-- Task to carry out --
Retype exactly the lines from the one containing "Situé au quatrième" through the last line of the records below, including both, and leave out any pictures.
---------- Material provided
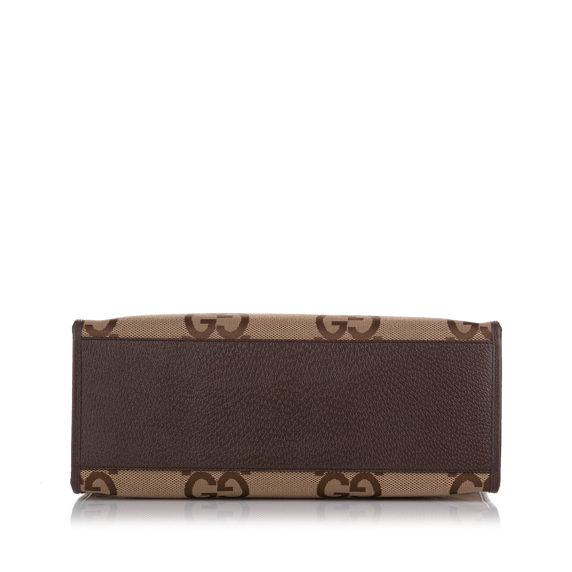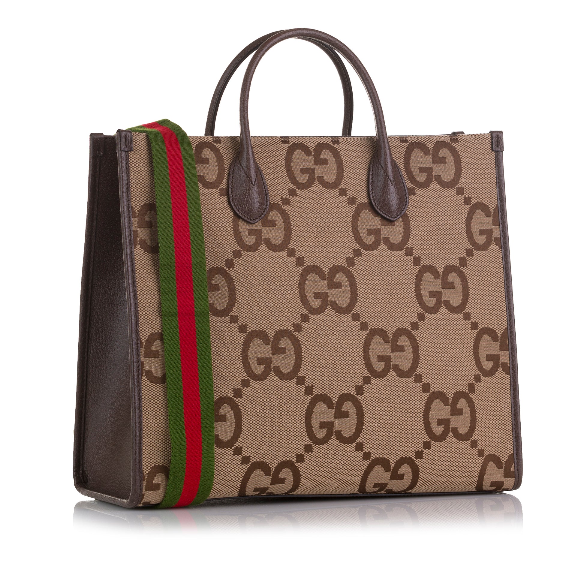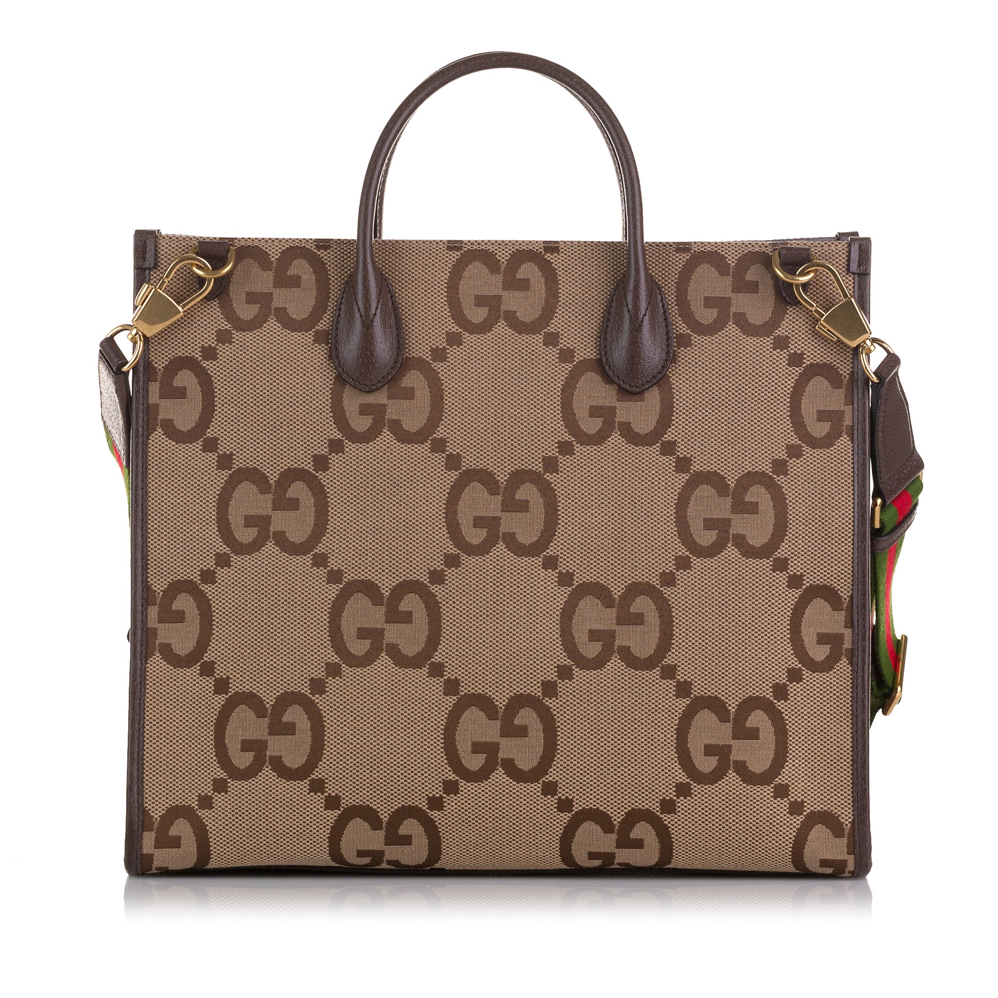This tote bag features a canvas body with leather trim, rolled leather handles, a detachable flat nylon web strap, an open top with hook closure, and an interior zip pocket.
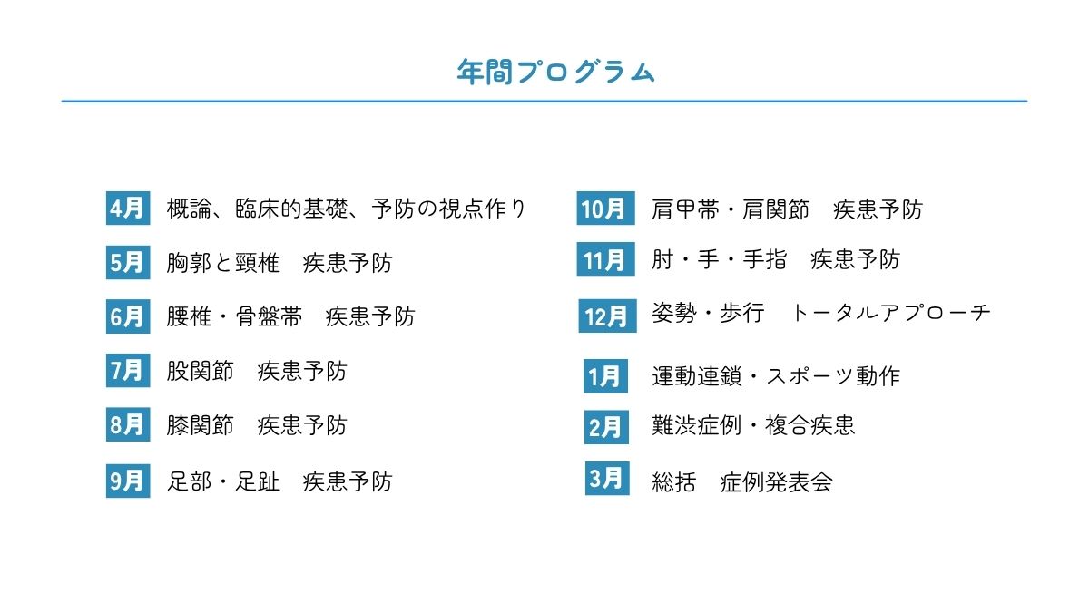 年間プログラム :⾝体を体系的に理解
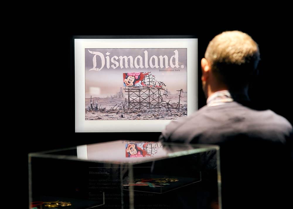 I don’t come from the fine art world. I’m actually a theatre-producer and I own an entertainment company. When I got involved with Banksy nine years ago, as a producer, I realized that there’s a reason he has such a broad appeal. I like to tell stories and take an audience on a journey. You know the people who say they don’t ‘get’ art, and don’t go to galleries…I bet they do like Banksy, and will go to a gallery for him. They’ll pick up the newspaper when Banksy is on the front cover with a new work and they will talk about it. I like when we work with schools and school children, because Banksy is a point of entry into the arts. The images are instantly recognizable! People don’t have to stand there for 10 minutes and over analyze the pieces and think they’re very wise and clever because they gave an in depth reading on an Banksy piece. For me, it’s more so a question of: do you like it? Does it speak to you? Banksy doesn’t explain what the image is, because it’s always so clear. The pieces usually have a lot of humour.
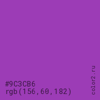 Цвет #9C3CB6 в цветовой модели RGB обозначается тремя октетами (156, 60, 182) в десятичном формате и #9C3CB6 в шестнадцатиричном (hex) формате, которые являются интенсивностью красного 156 (hex 9C), интенсивность зелёного 60 (hex 3C) и интенсивность синего 182 (hex B6).
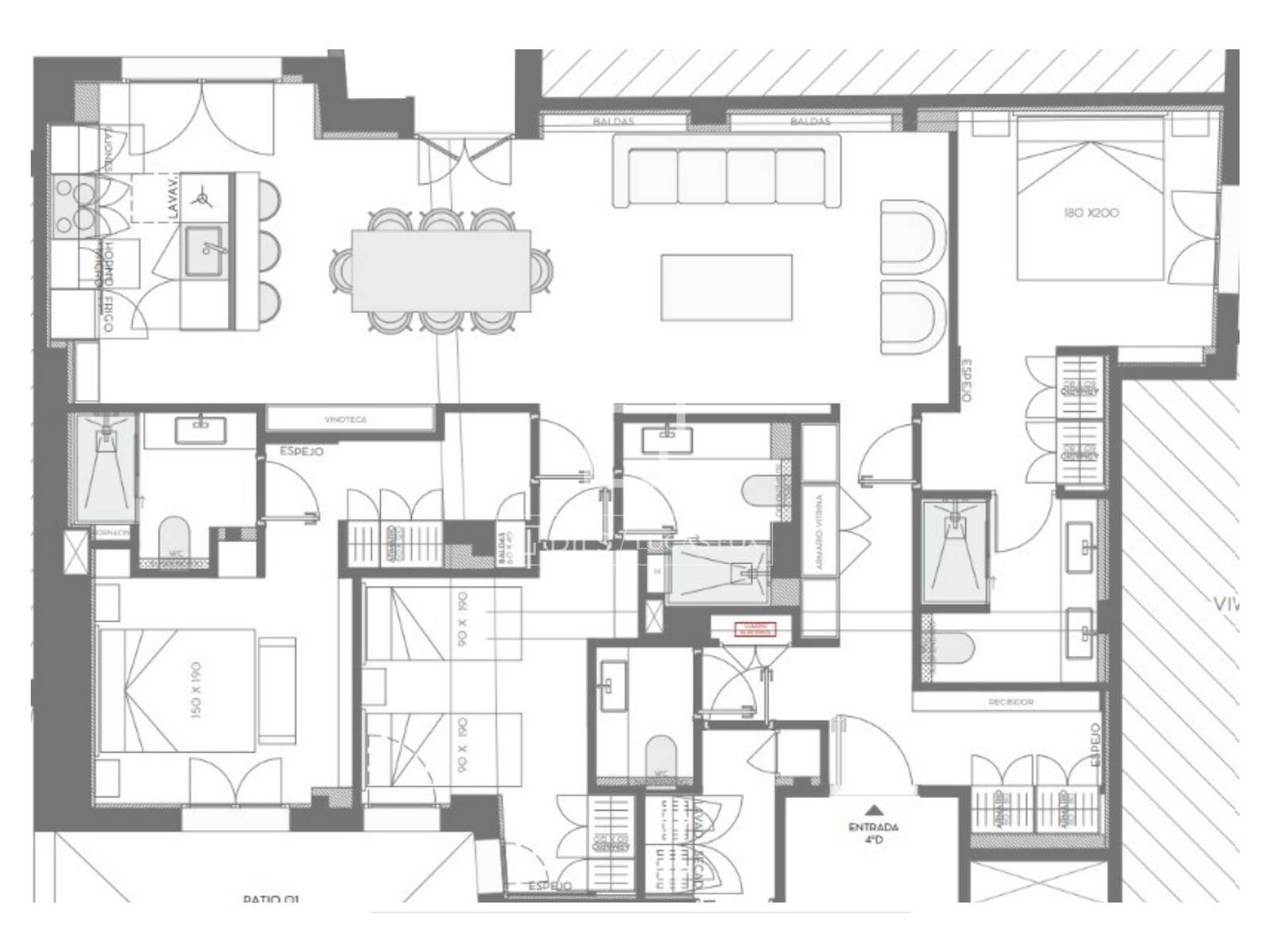Situé au quatrième étage et donnant sur une cour intérieure, cet appartement de 154 m² a été entièrement rénové selon un projet d'architecture et de design du studio Arctempus, offrant un style contemporain, élégant et fonctionnel. Il comprend trois chambres doubles spacieuses, trois salles de bains complètes, un WC invités, une buanderie et un espace de vie ouvert et bien agencé avec salon, salle à manger et cuisine entièrement équipée.
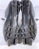 Boots are the most obviously distinctive family of nordic ski boots. They have a 75mm wide "duck bill" at the front of the boot, with three holes on the bottom of the bill that line up with the pins on their appropriate binding.
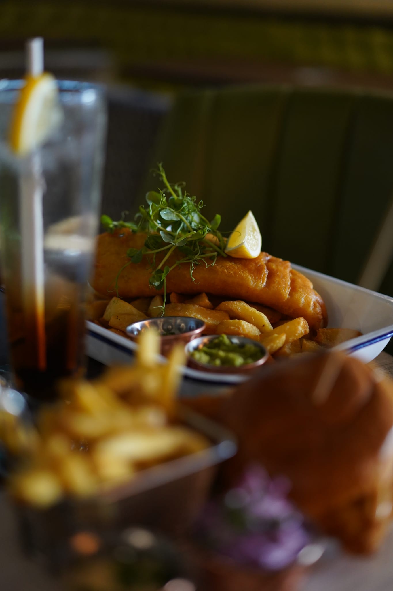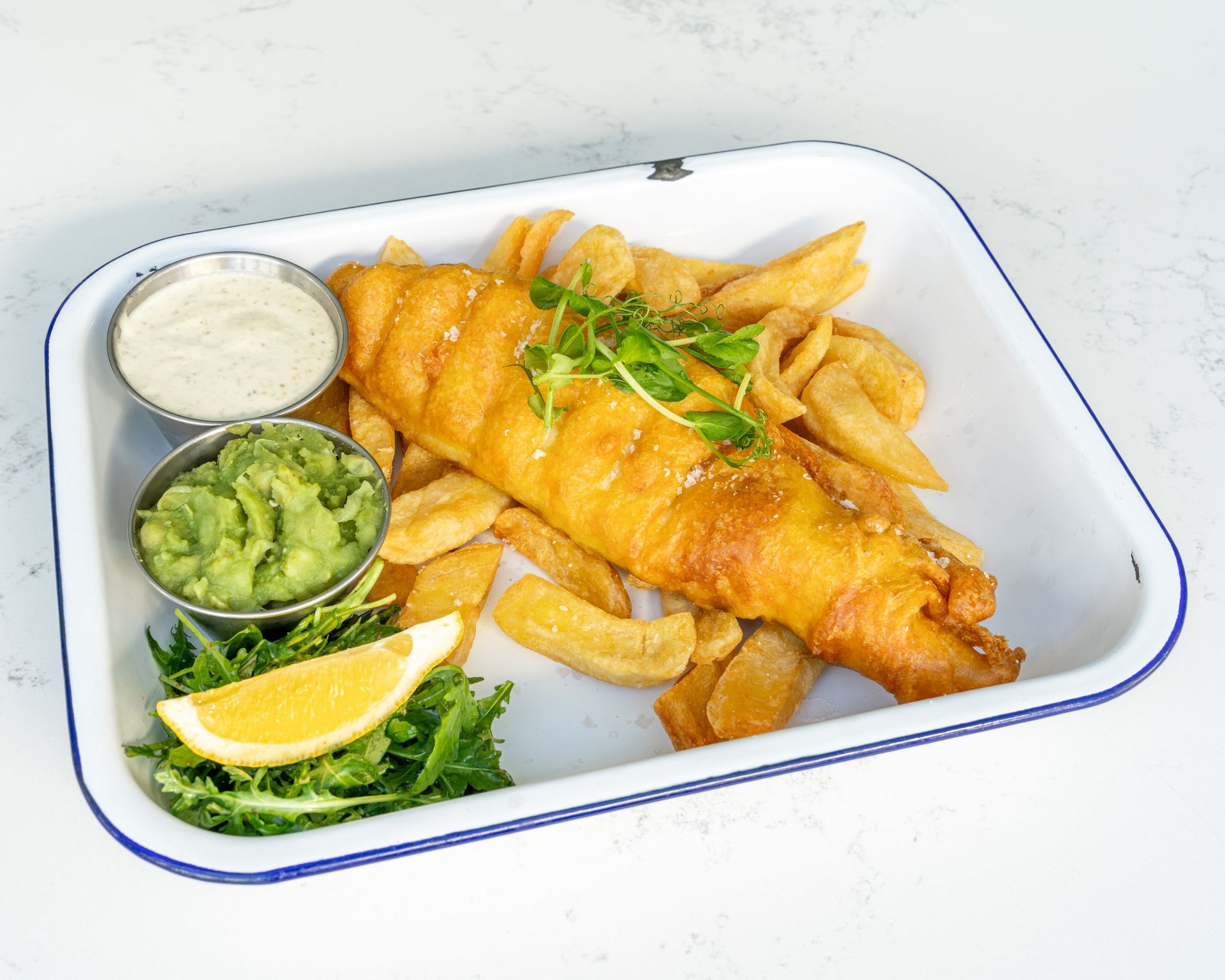 Triple cooked chips, tartar sauce, mushy peas & house salad
--------------------
-- Written response --
Situé au quatrième étage et donnant sur une cour intérieure, cet appartement de 154 m² a été entièrement rénové selon un projet d'architecture et de design du studio Arctempus, offrant un style contemporain, élégant et fonctionnel. Il comprend trois chambres doubles spacieuses, trois salles de bains complètes, un WC invités, une buanderie et un espace de vie ouvert et bien agencé avec salon, salle à manger et cuisine entièrement équipée.
 Boots are the most obviously distinctive family of nordic ski boots. They have a 75mm wide "duck bill" at the front of the boot, with three holes on the bottom of the bill that line up with the pins on their appropriate binding.
 Triple cooked chips, tartar sauce, mushy peas & house salad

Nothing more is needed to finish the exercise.